> Your assignment
Below are entries; output exactly the lines from the one with "U.S. Army Maj." to the one with "Gebuwin has developed", both included, and nothing else.

> Source information

-----

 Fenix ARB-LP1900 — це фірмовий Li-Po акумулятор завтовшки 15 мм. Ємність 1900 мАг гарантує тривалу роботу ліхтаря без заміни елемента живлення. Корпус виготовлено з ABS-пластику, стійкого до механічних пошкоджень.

-----

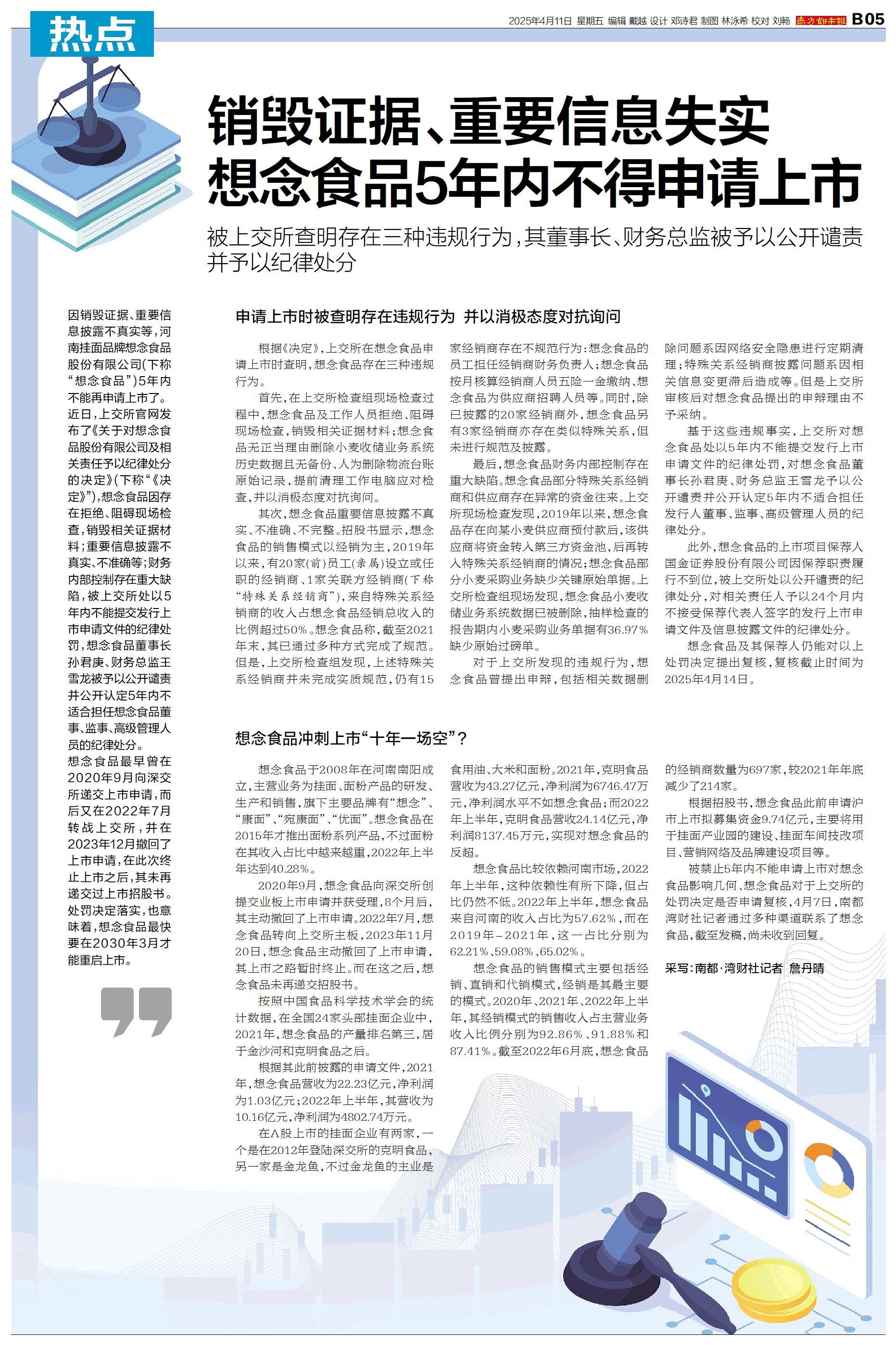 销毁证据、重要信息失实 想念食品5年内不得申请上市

-----

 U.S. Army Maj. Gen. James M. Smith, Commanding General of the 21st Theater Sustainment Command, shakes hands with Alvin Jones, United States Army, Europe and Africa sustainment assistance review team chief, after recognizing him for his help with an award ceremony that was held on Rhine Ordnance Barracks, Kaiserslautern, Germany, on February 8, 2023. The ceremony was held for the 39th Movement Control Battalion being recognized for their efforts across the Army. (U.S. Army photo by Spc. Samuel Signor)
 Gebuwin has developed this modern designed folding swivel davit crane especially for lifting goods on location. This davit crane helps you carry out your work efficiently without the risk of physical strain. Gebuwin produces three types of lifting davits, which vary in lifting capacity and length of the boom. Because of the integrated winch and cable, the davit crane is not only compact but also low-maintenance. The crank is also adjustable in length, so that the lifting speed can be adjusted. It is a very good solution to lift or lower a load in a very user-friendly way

-----

> Result of this exercise
 U.S. Army Maj. Gen. James M. Smith, Commanding General of the 21st Theater Sustainment Command, shakes hands with Alvin Jones, United States Army, Europe and Africa sustainment assistance review team chief, after recognizing him for his help with an award ceremony that was held on Rhine Ordnance Barracks, Kaiserslautern, Germany, on February 8, 2023. The ceremony was held for the 39th Movement Control Battalion being recognized for their efforts across the Army. (U.S. Army photo by Spc. Samuel Signor)
 Gebuwin has developed this modern designed folding swivel davit crane especially for lifting goods on location. This davit crane helps you carry out your work efficiently without the risk of physical strain. Gebuwin produces three types of lifting davits, which vary in lifting capacity and length of the boom. Because of the integrated winch and cable, the davit crane is not only compact but also low-maintenance. The crank is also adjustable in length, so that the lifting speed can be adjusted. It is a very good solution to lift or lower a load in a very user-friendly way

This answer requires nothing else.